# MNIST: learning to recognize handwritten digits

## Dataset exploration

Before starting a machine learning or data science task, it is always useful to familiarize yourself with the data set and its context.

### Required imports

In [None]:
from tensorflow import keras
from collections import Counter
from keras.datasets import mnist
import matplotlib.pyplot as plt
%matplotlib inline
import numpy as np

### Obtaining the dataset

In Keras' datasets module we have a handle to the MNIST dataset we want to use in this notebook.  Download the training and test set for this data.

In [None]:
(x_train, y_train), (x_test, y_test) = mnist.load_data()

### Dimensions and types

Determine the shape and type of the training and the test set.

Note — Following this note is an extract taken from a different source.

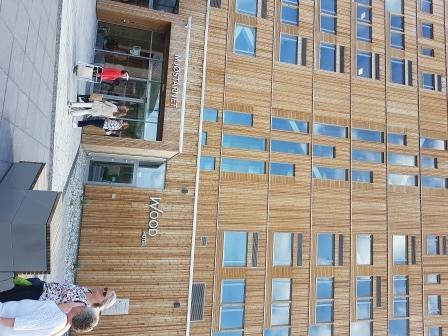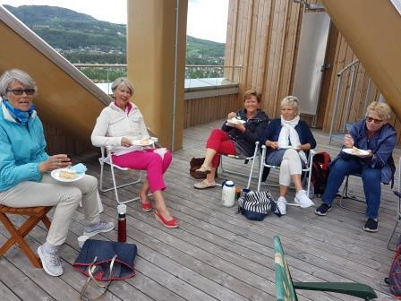 Som overraskelse på møtet var en kjentmann og da muligheten for og komme opp på den flotte verandaen i 18 etasje i Mjøstårnet. Stor takk til Lise for omvisning og orientering. Som kjent verdens høyeste trehotell så langt og hele 85,4 m. høyt. Det åpnet i mars 2019 og inneholder hotell, leiligheter, kontorer, restaurant, fellesområder og ikke minst svømmeanlegg. Mye av aktiviteten har sjølsagt vært laber nå i disse Corona tider, og mange restriksjoner hang fortsatt igjen, men når var det lov og kjøre heis – 3 stk om gangen. Vi hadde valgt en dag med laber bris i takene og regn og torden truet i horisonten. Utsikten der oppe i høyden var det imidlertid ikke noe og si på lell. Vi fikk gode muligheter for å gjøre seg litt kjent i Dala fra en heller ukjent vinkel for de fleste av oss. Riktig flott var det oppe på toppen.

The training set has 60,000 examples, the test set 10,000.  The input is a 28 $\times$ 28 matrix of unsigned 8-bit integers, the output a single unsigned 8-bit integer.

### Data semantics

Each input represents a scanned grayscale image of a handwritten digit, the output is the corresponding integer. Visualize the image, and check the label for the first training example.

In [None]:
rows = 5
cols = 7
figure, axes = plt.subplots(rows, cols, figsize=(5, 3))
plt.subplots_adjust(wspace=0.1, hspace=0.1)
for img_nr in range(rows*cols):
    row = img_nr//cols
    col = img_nr % cols
    axes[row, col].get_xaxis().set_visible(False)
    axes[row, col].get_yaxis().set_visible(False)
    axes[row, col].imshow(x_train[img_nr], cmap='gray')

In [None]:
y_train[:rows*cols].reshape(rows, cols)

So this proves that I'm certainly not the only one cursed with bad handwriting.

### Data distribution

An important question is whether all digits are represented in the training and test set, and what the distribution is.  This may have an impact on the accuracy of the trained model.

Although some digits like 1 are overrepresented, and others, e.g., 5 are underrepresented, the distribution seems to be reasonably uniform, and it is likely no special care needs to be taken.